SW | Number of study participants | Number of telephone supervision sessions | Total (minutes) |
---|---|---|---|
A | 5 (including one dropout) | 3 | 60 |
B | 3 | 3 | 75 |
C | 3 | 4 | 280 |
D | 6 | 6 | 85 |
E | One dropout | 0 | 0 |
In addition to one-to-one individual supervision, two face-to-face group meetings (90 minutes each) with Heather Burroughs and Carolyn A Chew-Graham were held. When the study was delayed owing to delays in HRA approvals, Heather Burroughs hosted a ‘coffee morning’ to update the SWs. A final meeting to review the study and present initial results was held, with Heather Burroughs and Carolyn A Chew-Graham, which lasted 90 minutes. SWs were encouraged to claim for the time to attend meetings as well as travel expenses.
The above does not include the time that SWs talked with each other, and with Peter Bullock at Age UK, particularly exploring what could be done to support the study participants and what signposting opportunities there might be; this time was not documented by the SWs.
At the final group meeting, the SWs emphasised how important it was for them to have the supervision time to reflect on their sessions with study participants, which they suggested enabled them to work out what could be done to support their ‘clients’. Discussion of risk assessment was also said to be important to the SWs.
The different times required by the SWs illustrates the need to offer flexible supervision, as each SW had different needs for support and monitoring, with some SWs seeking supervision after each study participant contact.
Discussion during supervision sessions
The one-to-one supervision sessions were structured around the supervision and participant contact sheets that were included in the SW manual (and given to SWs as A4 sheets for use by the SWs with each study participant). The discussion included the SW talking through their recent contact(s) with each study participant, identification of problems, assessment of risk, goal-setting, resources/groups suggested to the study participant and arrangements for follow-up or planning to end contact. The sessions were focused on the needs of the individual SWs and the concerns that they raised for discussion. Two examples of supervision are given in Box 2 using pseudonyms.

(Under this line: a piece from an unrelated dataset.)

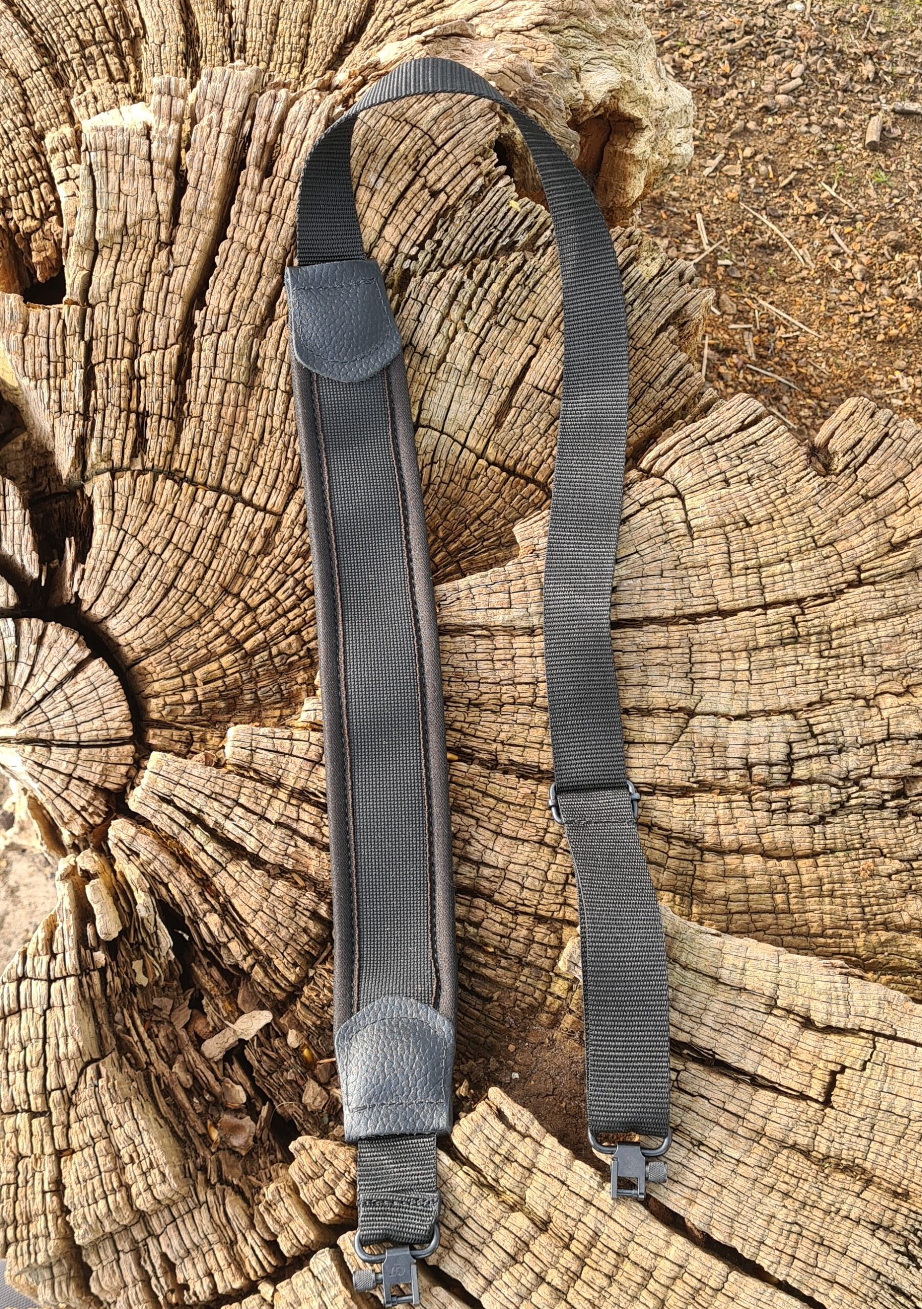 De achterzijde van de riem heeft een antislip pad, hiermee zal de het geweer niet gauw van de schouder afzakken.

Admits to long-standing depression and pain in addition to arthritis.
Lives alone, has transport (car).
In the past, has enjoyed painting.
The SW visited on a Saturday to suit Paul.
No risk identified.
The SW was aware of a local art class and men’s group. The SW felt that the client might be interested in the art class but had seemed dismissive of the men’s group.
Paul engaged in the art class (attended alone) but did not enjoy the men’s group even though initially accompanied by the SW.
Supervision focused on identifying Paul’s problems, considering possible goals, identifying local groups and working through the participant manual. The SW reported that Paul had articulated that he wanted to do something useful and that the men’s group did not provide this.
The SW expressed no concerns about Paul, reporting confidence in conducting the risk assessment, and did not feel that mood thermometers were useful for Paul. The SW delivered four sessions and had introduced the concept of ‘staying well’ to Paul.
MaryLives with husband.
Multiple medical problems (including shortness of breath owing to bronchitis, which restricts ability to walk). Has stopped going out.
Husband drives. Family close by.
The SW identified social withdrawal as a problem, and recognised the resources that Mary has (e.g. daughter and husband).
The SW reported using the diary in the participant manual to help Mary realise how inactive she had become, and identified a number of activities that Mary might resume. The SW accompanied Mary to a local craft group, which seemed to be acceptable as there were only three other participants and Mary felt she could deal with this. The SW encouraged Mary’s daughter to take her swimming, and this happened twice during the time the SW visited.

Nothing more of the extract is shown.